On Fri, Sep 27, 2019 at 04:44:21PM +0200, Karol Herbst wrote:
> Fixes runpm breakage mainly on Nvidia GPUs as they are not able to resume.

I don't know what runpm is.  Some userspace utility?  Module
parameter?

> Works perfectly with this workaround applied.
> 
> RFC comment:
> We are quite sure that there is a higher amount of bridges affected by this,
> but I was only testing it on my own machine for now.
> 
> I've stresstested runpm by doing 5000 runpm cycles with that patch applied
> and never saw it fail.
> 
> I mainly wanted to get a discussion going on if that's a feasable workaround
> indeed or if we need something better.
> 
> I am also sure, that the nouveau driver itself isn't at fault as I am able
> to reproduce the same issue by poking into some PCI registers on the PCIe
> bridge to put the GPU into D3cold as it's done in ACPI code.
> 
> I've written a little python script to reproduce this issue without the need
> of loading nouveau:
> https://raw.githubusercontent.com/karolherbst/pci-stub-runpm/master/nv_runpm_bug_test.py

Nice script, thanks for sharing it :)  I could learn a lot of useful
python by studying it.

> Signed-off-by: Karol Herbst <kherbst at redhat.com>
> Cc: Bjorn Helgaas <bhelgaas at google.com>
> Cc: Lyude Paul <lyude at redhat.com>
> Cc: linux-pci at vger.kernel.org
> Cc: dri-devel at lists.freedesktop.org
> Cc: nouveau at lists.freedesktop.org
> ---
>  drivers/pci/pci.c | 39 +++++++++++++++++++++++++++++++++++++++
>  1 file changed, 39 insertions(+)
> 
> diff --git a/drivers/pci/pci.c b/drivers/pci/pci.c
> index 088fcdc8d2b4..9dbd29ced1ac 100644
> --- a/drivers/pci/pci.c
> +++ b/drivers/pci/pci.c
> @@ -799,6 +799,42 @@ static inline bool platform_pci_bridge_d3(struct pci_dev *dev)
>  	return pci_platform_pm ? pci_platform_pm->bridge_d3(dev) : false;
>  }
>  
> +/*
> + * some intel bridges cause serious issues with runpm if the client device
> + * is put into D1/D2/D3hot before putting the client into D3cold via
> + * platform means (generally ACPI).

You mention Nvidia GPUs above, but I guess the same issue may affect
other devices?  I would really like to chase this down to a more
specific issue, e.g., a hardware defect with erratum, an ACPI defect,
or a Linux defect.  Without the specifics, this is just a band-aid.

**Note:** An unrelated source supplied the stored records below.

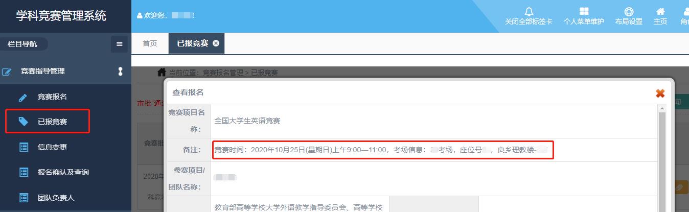 ② 登录学科竞赛管理系统通过“已报竞赛”模块备注处查看考场信息。
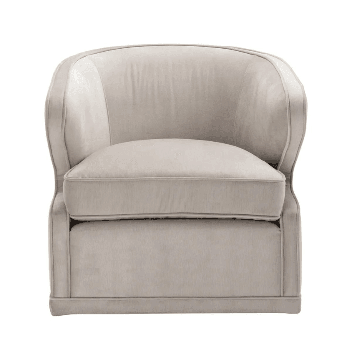 Egészítsd ki otthonod a vintage stílusú Dorset forgó szövet fotellel. A világosszürke kárpitozással és hozzáillő szegélydísszel rendelkező, gyönyörű retró dizájnú fotel kényelmes ülést biztosít. A forgó talp maximális rugalmasságot biztosít, így a szék bármelyik helyiség praktikus központi eleme lehet. Tökéletes választás azok számára, akik a régi idők eleganciáját és kényelmét keresik modern köntösben. Az elegáns formatervezés és a puha kárpit nemcsak kényelmet, hanem stílust visz otthonodba.
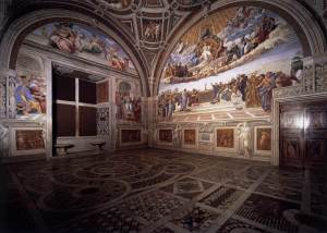 Il s’agit en fait d’un lieu clef du pouvoir au Vatican : salles de réunions, délibérations, bibliothèques, etc…Bien antérieures à Raphaël ces salles, les quatre Stanze, seront donc par leur architecture et leur disposition une contrainte incontournable pour Raphaël. Leur décoration avait dans un premier temps été confiée par le Pape JULES II à d’autres peintres (Vasari, Sodoma, Bramantino…) qui, par la suite, leur préféra Raphaël (introduit par Bramante).

I don't see any relevant requirements in the _OFF description, but I
don't know much about ACPI power control.

Your script allows several scenarios; I *guess* the one that causes
the problem is:

  - write 3 (D3hot) to GPU PowerState (PCIE_PM_REG == 0x64, I assume
    PM Capability Control Register)
  - write 3 (D3hot) to bridge PowerState (0x84, I assume PM Capability
    Control Register)
  - run _OFF on the power resource for the bridge

>From your script I assume you do:

  - run _ON on the power resource for the bridge
  - write 0 (D0) to the bridge PowerState

You do *not* write the GPU PowerState (which we can't do if the GPU is
in D3cold).  Is there some assumption that it comes out of D3cold via
some other mechanism, e.g., is the _ON supposed to wake up the GPU?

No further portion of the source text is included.